Cenovus Energy is sending a shipment of crude oil down through the Panama Canal as part of its first-ever transaction with New Brunswick's Irving Oil.

The oil shipment will make the 11,900-kilometre journey to Irving's refinery in Saint John by tanker ship, Cenovus announced in a social media post on Wednesday.

The news comes two months after Irving Oil, the operator of the country's largest refinery, surprised the sector with its plans to begin receiving more crude from Western Canada by using tankers starting this summer.

Cenovus vice president Keith Chiasson said in a statement provided to CBC News that it's a "one-off "shipment for now.

"But we believe this Canadian success story has the potential over time to create significant value for both companies and the entire country," he said, adding Cenovus is pleased with the economics of the transaction.

On Friday, Alberta Premier Jason Kenney said he considered Irving Oil's decision to seek more oil from the West to be an "important expression of confidence" in Canada.

But he said the long journey via tanker also underscores the need for national pipeline infrastructure.

"On the one hand, it makes me happy that we're finally going to be able to supply a Canadian refinery on the East Coast with Alberta oil, but it just underscores how crazy this whole situation is," said Kenney, pointing to the cancellation of the Energy East pipeline nearly three years ago.

The Energy East project would have carried more than one million barrels of oil every day from Alberta and Saskatchewan across the country to be refined or exported from facilities in New Brunswick and Quebec.

The energy giant then known as TransCanada — since renamed TC Energy — had proposed adding 1,500 kilometres worth of new oil pipelines to an existing network of more than 3,000 kilometres, which would have been converted from carrying natural gas, to carrying oil.

About 99 per cent of Canada's exports now go to refiners in the U.S., where limits on pipeline and refinery capacity mean Canadian oil sells at a discount.

Privately held Irving applied this spring to the Canadian Transportation Agency (CTA) to use foreign tankers in order to increase the amount of domestic crude it gets from offshore Newfoundland and Western Canada.

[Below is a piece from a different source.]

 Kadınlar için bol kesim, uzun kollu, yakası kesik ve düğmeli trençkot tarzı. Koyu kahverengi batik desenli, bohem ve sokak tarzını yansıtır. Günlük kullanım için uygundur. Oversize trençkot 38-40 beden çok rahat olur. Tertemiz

Irving Oil's application included a proposal for the tankers to transport oil from a terminal in Burnaby, B.C., through the Panama Canal and on to Irving Oil's refinery in Saint John.

The company said at the beginning of May that it wanted to increase the mix of Canadian crude it uses, which at that time was in the range of 20 per cent.

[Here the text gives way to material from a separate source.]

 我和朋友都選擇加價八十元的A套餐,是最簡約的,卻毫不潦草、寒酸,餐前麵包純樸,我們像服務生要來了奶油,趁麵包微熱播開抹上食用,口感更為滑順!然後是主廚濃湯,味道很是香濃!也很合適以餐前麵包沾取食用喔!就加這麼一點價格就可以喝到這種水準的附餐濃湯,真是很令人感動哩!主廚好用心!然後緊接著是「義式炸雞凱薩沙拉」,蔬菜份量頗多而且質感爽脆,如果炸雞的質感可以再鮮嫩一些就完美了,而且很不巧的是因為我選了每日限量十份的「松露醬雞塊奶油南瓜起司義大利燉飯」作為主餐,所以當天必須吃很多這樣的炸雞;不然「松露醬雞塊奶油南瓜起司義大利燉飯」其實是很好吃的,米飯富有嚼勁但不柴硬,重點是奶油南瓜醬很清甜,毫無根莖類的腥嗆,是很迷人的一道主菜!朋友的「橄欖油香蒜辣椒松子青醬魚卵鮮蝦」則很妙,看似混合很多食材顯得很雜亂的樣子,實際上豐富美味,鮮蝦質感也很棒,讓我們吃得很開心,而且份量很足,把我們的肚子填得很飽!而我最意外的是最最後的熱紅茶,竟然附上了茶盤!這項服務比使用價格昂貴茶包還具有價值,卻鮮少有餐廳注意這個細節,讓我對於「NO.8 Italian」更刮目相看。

Increasing the amount of Canadian oil that the refinery uses would displace the crude imports the company gets from around the world, but it wasn't clear which shipments might be affected.

An official with the refinery said at the time that it uses a "significant" amount of oil from the United States.

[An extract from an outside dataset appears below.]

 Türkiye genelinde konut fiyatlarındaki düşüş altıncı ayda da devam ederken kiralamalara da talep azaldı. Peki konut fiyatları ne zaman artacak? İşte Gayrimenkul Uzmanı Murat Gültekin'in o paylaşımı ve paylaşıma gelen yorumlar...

Chiasson said the transaction shows the ability of the two companies "to help drive Canada's economy even during these unprecedented times of turbulence created by the COVID-19 pandemic and the resulting challenges for the energy industry."

Tanker shipment comes as TMX, Keystone XL pipelines move forward

News of the Cenovus shipment via tanker to the East Coast came as the Supreme Court released a decision dismissing a First Nations' legal challenge to the Trans Mountain expansion project.

The Trans Mountain pipeline will allow Canada to diversify oil markets and vastly increase exports to Asia, where they can command a higher price than those sent to the U.S.

Some experts said the top court's decision to end the years-long legal battle demonstrates stability to potential investors and provides clarity about what constitutes adequate consultations with Indigenous groups.

And on Friday, Alberta's premier visited the small town of Oyen to mark the start of construction within the province of the Keystone XL pipeline. Work is already underway in three U.S. states.

The 1,947-kilometre project will be able to carry 830,000 barrels of crude oil per day from Hardisty, Alta., to Steele City, Neb., where it will connect with TC Energy's existing facilities and eventually reach refineries on the Gulf Coast.